I criteri aggiornati al DSM-5 sono:

  • Restrizione nell’assunzione di calorie in relazione alle necessità del soggetto che porta ad un grave sottopeso in relazione all’età, il sesso, la curva di sviluppo e la salute fisica.
  • Il peso corporeo significativamente basso è definito come peso inferiore alla norma oppure, per infanzia e adolescenza, un peso minore rispetto a quello atteso dalla curva di sviluppo.
  • Intensa paura di aumentare di peso o di diventare grassi, o comunque comportamenti finalizzati al mantenimento di un peso corporeo significativamente al di sotto della norma.
  • Problematiche relative al rapporto con il proprio peso corporeo o la propria forma corporea. In particolare peso e forma del proprio corpo influenzano in modo eccessivo i livelli di autostima oppure persistente mancanza di riconoscimento della gravità della propria condizione di sottopeso.

Vengono inoltre individuati 2 tipi di anoressia:

  1. Con restrizioni. Dove la perdita di peso viene ottenuta principalmente con il digiuno e con l’utilizzo di un esercizio fisico eccessivo o estremo.
  2. Con abbuffate o condotte di eliminazione. Dove la persona manifesta ricorrenti episodi di abbuffata o condotte di eliminazione, come vomito autoindotto o uso inappropriato di lassativi, diuretici o enteroclismi.

Un altro parametro molto importante nella diagnosi di anoressia è la stima della gravità; e questa stima è calcolabile grazie al valore di BMI.

I livelli di gravità sono:

  • Lieve
  • Moderato
  • Grave:
  • Estremo:

Tutto questo spesso sembra assurdo, e ci si chiede come mai in società sviluppate come quelle dei paesi industrializzati, dove gli individui hanno a disposizione cibo in eccedenza, troviamo persone che rifiutano di alimentarsi?
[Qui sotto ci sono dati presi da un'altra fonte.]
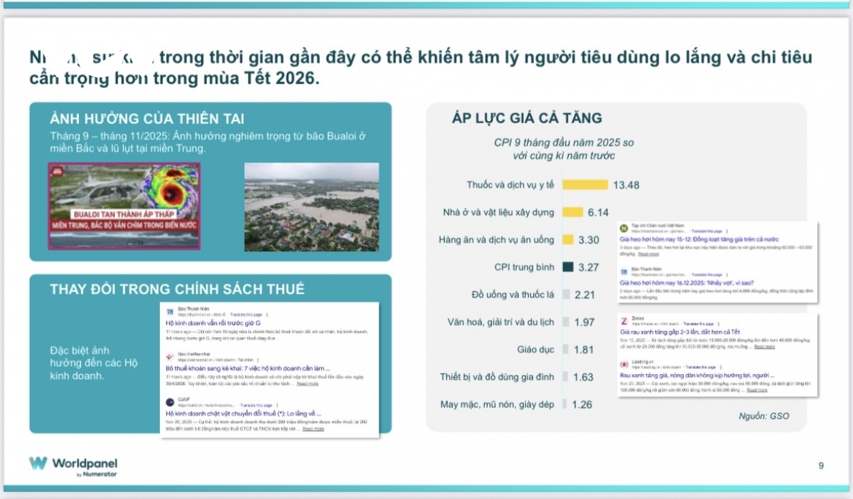 Theo khảo sát của Numerator (công ty công nghệ và dữ liệu trong lĩnh vực nghiên cứu thị trường), Tết 2026, người tiêu dùng ưu tiên mua sắm cho những nhu cầu thiết thực, như: chăm sóc bản thân, gia đình, quà tặng và giảm hẳn tiệc tùng, sản phẩm cao cấp. Có 52% người tiêu dùng cho biết sẽ mua sắm nhiều hơn cho bản thân và gia đình; 49% cho biết chi cho chăm sóc sắc đẹp nhiều hơn; 42% cho biết nấu nhiều hơn các món ăn sáng tạo, truyền thống kết hợp hiện đại…
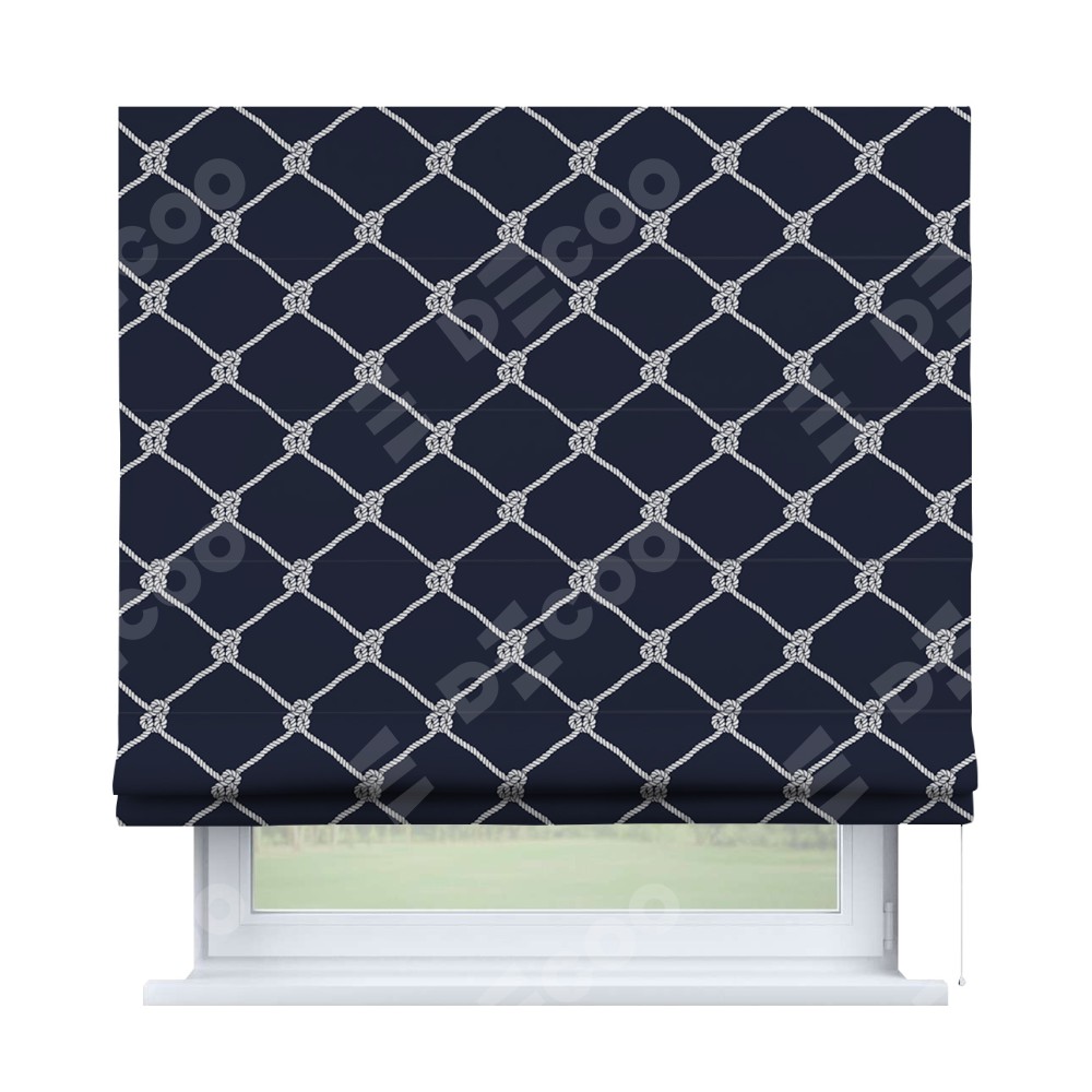 Римская штора производителя «Cortin», используется для проёма, пошита из ткани блэкаут с нанесением сублимационной печати «Морские веревки». Имеет универсальный механизм и подходит для монтажа: на потолок, на стену и в нишу.

E a volte muoiono per il deperimento fisico dovuto alla volontaria astensione dal cibo? Quasi tutti i genitori delle persone affette da anoressia mentale si chiedono questo.

Ma la risposta a questa domanda è da ricercarsi non nell’accesso al cibo, ma bensì nella storia che le persone affette dall’anoressia hanno. Approfondire questo punto per uno psicologo è essenziale per capire in che modo aiutare chi soffre di anoressia, da dove cominciare.

A tal proposito è importante prendere in considerazione il fatto che chi è affetto dall’anoressia mentale valuta se stesso su canoni che riguardano principalmente il peso, la forma corporea e le capacità che ha rispetto a controllare questi due aspetti. Il tema che regna nella testa di una persona che soffre di anoressia è l’aspetto fisico e il controllo che lei ha su di esso. Questo punto è molto importante in particolar modo se lo mettiamo a confronto con persone che non sono affette da disturbi alimentari. Infatti generalmente le persone si giudicano su parametri che riguardano le proprie prestazioni in ambiti diversi della vita¸ ad esempio nelle relazioni, nelle prestazioni professionali o anche nelle abilità sportive. L’aspetto fisico non rappresenta l’unico o il principale parametro su cui auto valutarsi, mentre questo accade per chi soffre di anoressia mentale.